Εικόνα μετά από ενδοσκοπική ασκορινοστομία. Με τα παχειά βέλη σημειώνονται τα όρια αφαίρεσης του οστού. Με το λεπτό βέλος (CC) φαίνεται το στόμιο των σωληναρίων που αποχετεύουν ελεύθερα τα δάκρυα στη ρινική κοιλότητα.
Six months after an endoscopic DCR. The thick arrows demonstrate the border of bone removal. The thin arrow (CC) points at the opening of the tubes, which drain the tears freely into the nasal cavity.

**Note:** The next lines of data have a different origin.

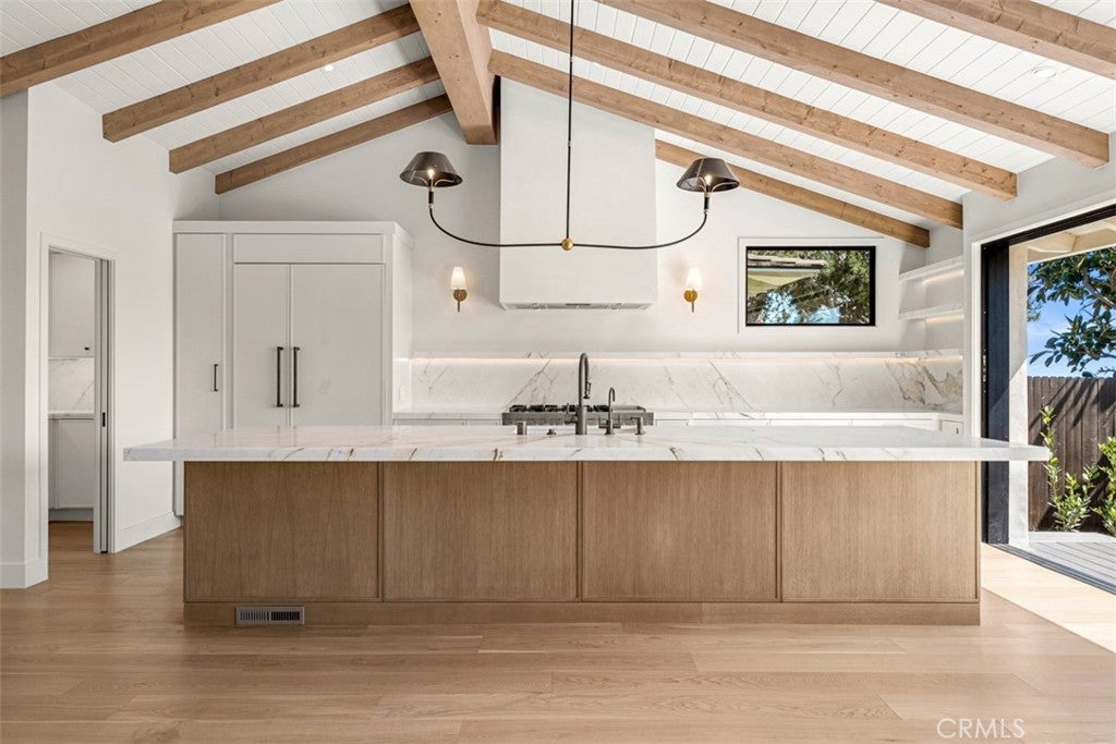 Welcome to 709 Emerald Bay, a beautifully reimagined coastal retreat located within the prestigious guard-gated enclave of Emerald Bay. This single-level, three-bedroom, three-bathroom residence spans just under 2,100 square feet and has been completely renovated down to the studs with high-end finishes throughout. The desirable U-shaped floor plan offers both functionality and privacy, complemented by soaring vaulted ceilings, wide-plank oak hardwood floors, and thoughtfully curated designer fixtures by Rocky Mountain. Every detail has been carefully curated by a designer to create a warm yet elevated coastal aesthetic. The chef’s kitchen features stunning marble countertops, custom sleek cabinetry, JennAir Appliances, a spacious walk-in pantry, and brass fixtures that will naturally patina over time. The adjacent dining area includes a wet bar, making it ideal for both everyday living and entertaining. Designed for seamless indoor-outdoor living, the home opens through expansive sliding glass doors to a newly landscaped deck and backyard. Both the main living room and the kitchen/dining areas enjoy direct outdoor access, creating multiple spaces to relax and entertain while taking in ocean breeze and views. Residents enjoy exclusive access to Emerald Bay’s premier amenities, including a private beach, resort-style pool and spa, tennis courts, clubhouse, and parks - all within a secure 24/7 guard-gated community. A rare opportunity to lease a fully renovated, turnkey home in one of Laguna Beach’s most sought-after coastal communities.
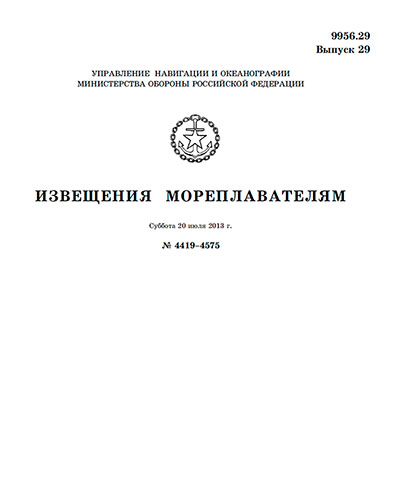 Извещения мореплавателям издаются Управлением навигации и океанографии Минобороны России еженедельными выпусками.
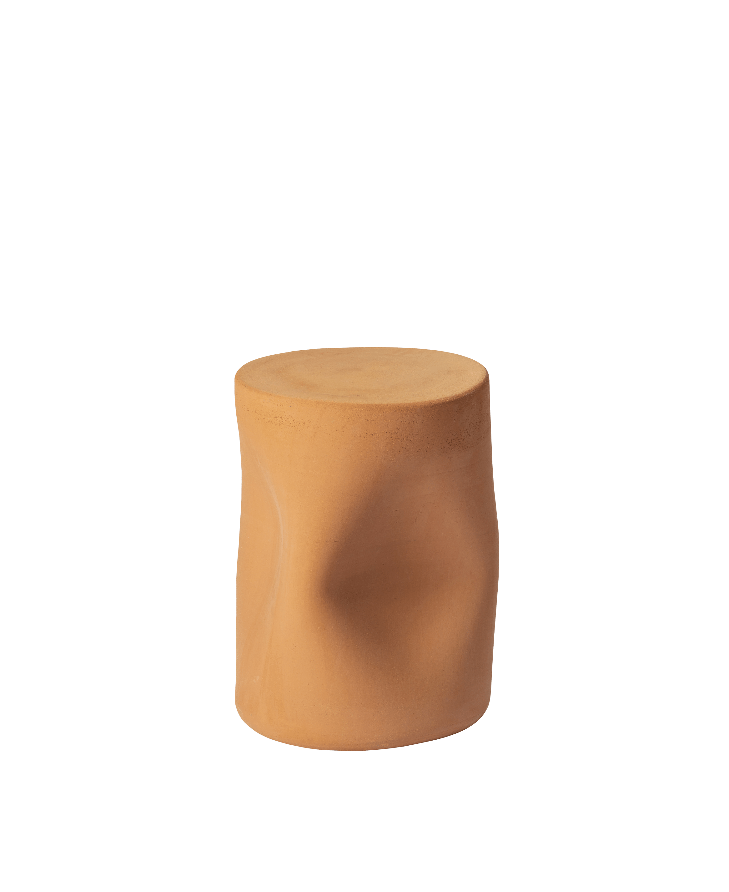 The pillow impressionToblo expresses the physicality of its material through its form: a terracotta cylinder thus becomes a table, perfectly smooth except for its softly dented sides. Toblo captures the moment before firing, the instant when the material has already reached its final form in the hands of the artisan, yet is still fresh and malleable. A neat trick to evoke and preserve that same softness forever.
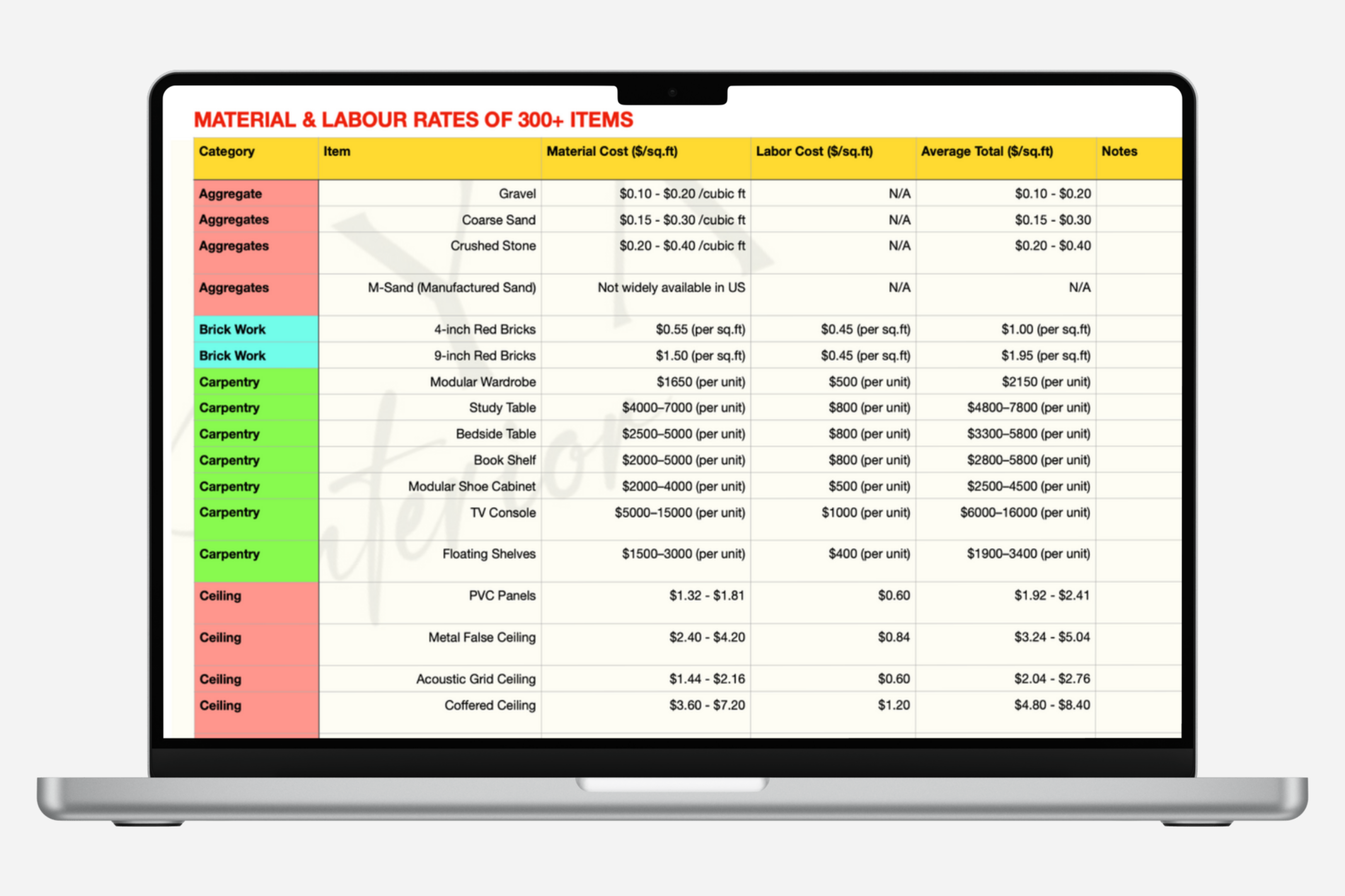 300+ Material & Labor Cost Cheat Sheet: A reference to help you prepare accurate BOQs with ease. (Rates are collected from different vendors, cannot be used as a replacement, only made for getting a rough idea about the costing in market)
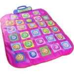 تحتوي على البساط على أنشودة لكل حرف على الحرف حيث يقوم البساط بسؤال الطفل أين ويضغط الطفل على الحرف الصحيحة
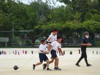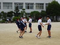 9月11日(金)2時間目にグラウンドで三原実習生の精錬授業が行われ、3年3・6組の男子がハンドボールに取組みました。課題や指示をしっかり把握して、練習からゲームまで無駄のない動きで一生懸命にやっていました。暑い中でしたが、十分にスポーツを学び楽しむ時間になりました。
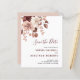 Budget Bohème Rose Poussiéreuse Aquarelle Floral Eucalyptus Faire-Part de Mariage de Dernière Minute... Si vous adorez l'allure bohème chic et que vous vous mariez, voici une charmante carte de Faire-Part de dernière minute à prix raisonnable à considérer. Notre carte de faire-part de dernière minute à petit budget présente un arrangement floral de style bohème rose poussiéreuse et burgundy avec des feuilles d'eucalyptus au-dessus de votre texte d'annonce de mariage en encre noire et burgundy. Le verso de la carte contient votre adresse de retour, un message personnel et les informations sur votre site web de mariage sur un fond rose doré clair. Tout l'exemple de texte peut être facilement révisé avec vos propres informations sur le modèle de personnalisation.
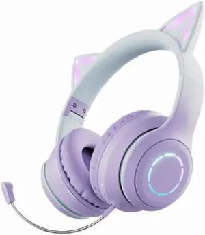 SOEWIOU Wireless Gaming Headset, Bluetooth 5.0 Foldable Wireless Gaming Headset, Cute Cat Ear LED Light Up Over-Ear Headphones, Lightweight Over-Ear Headphones(Purple)
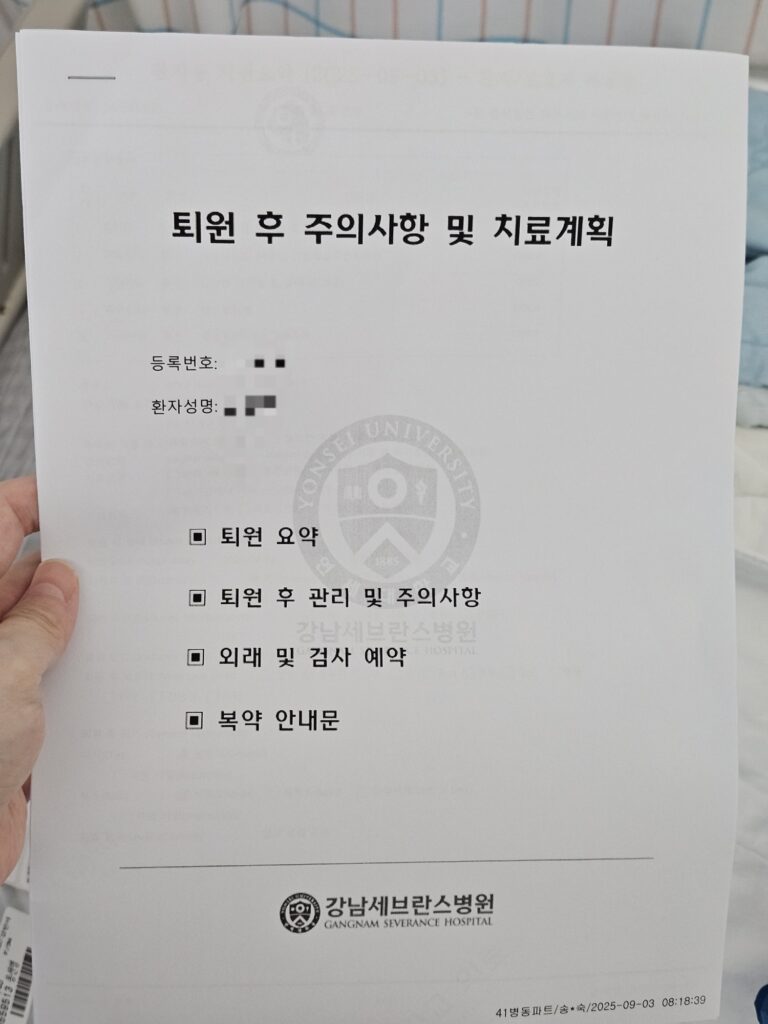 이후 수납을 하고(수납을 먼저 했던 것 같기도..), 퇴원수속을 하여 집으로 되돌아오게 된다.
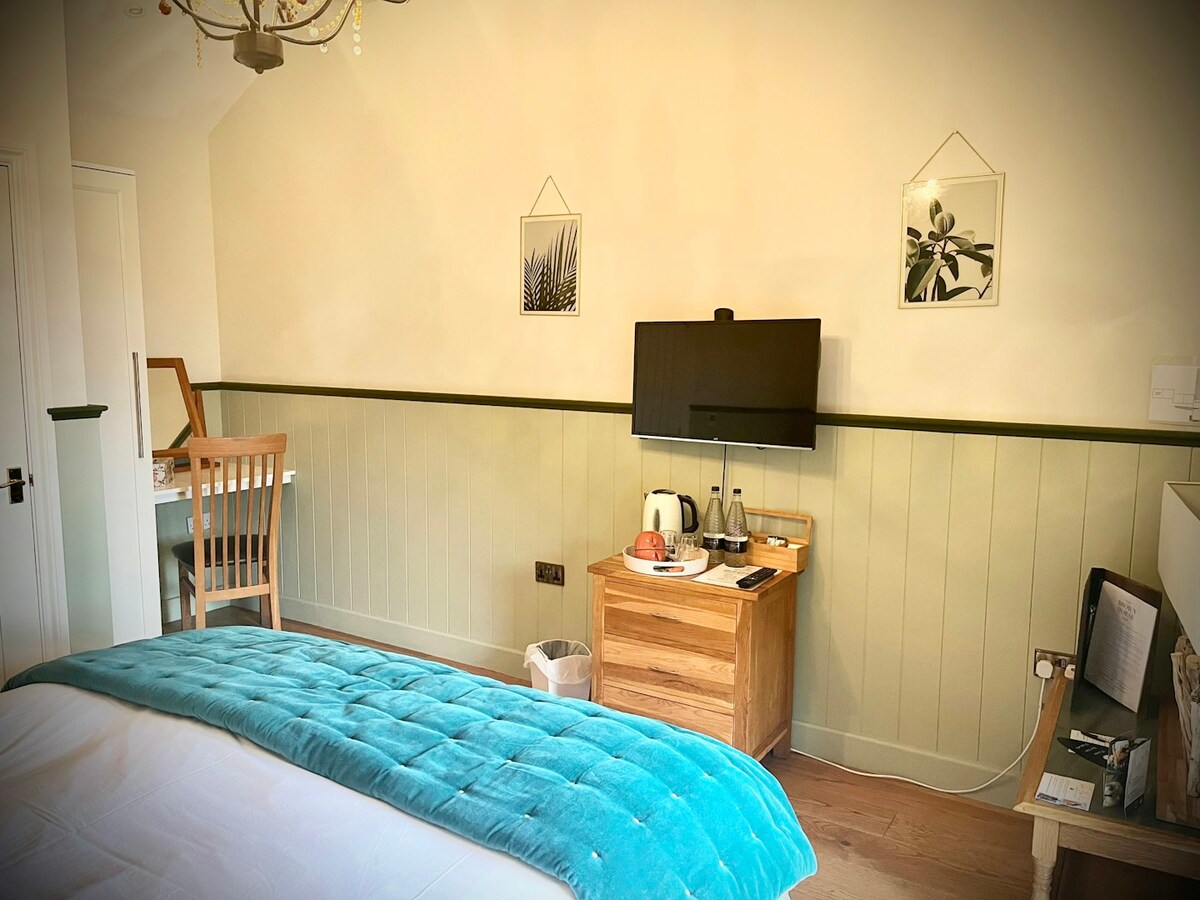 Non-smoking Our King Room has a comfortable Kingsize bed, en-suite with shower, smart TV, Tea/Coffee making facilities, mini fridge, desk area with a chair. The en-suites have shower facilities, towels and complementary toiletries. The King Room has a hot drinks hamper which is complementary for our guests. Ironing facilities are in each room. No pets policy at the property No children allowed

The tears are continiously produced by a gland in the upper eyelid, and keep the eye moist in order to protect it from abrasions and irritations. The tears are initially collected between the eyelids. From there, minute tubes direct them to a sac hidden behind the nasal bones (lacrimal sac). A wider tube named nasolacrimal duct drains the tears inside the nose, under the inferior turbinate. Inflammations, trauma or surgery can obstruct this sensitive drainage path from the eye to the nose. The eye continuously tears (epiphora), and sometimes the sac is infected, causing pain, swelling of the eye and purulent tears.
 
Endoscopic surgery offers a simple solution to the problem. With the help of the endosopes, the bone covering the lacrimal sac is removed from inside the nose, and the interior of the sac is widely opened, draining freely the tears into the nasal cavity. The operation is called Dacryo-Cysto-Rhinostomy (DCR), is done under local or general anaesthesia, usually with the help of an Ophthalmologist-Occuloplastic Surgeon, and does not require hospitalization.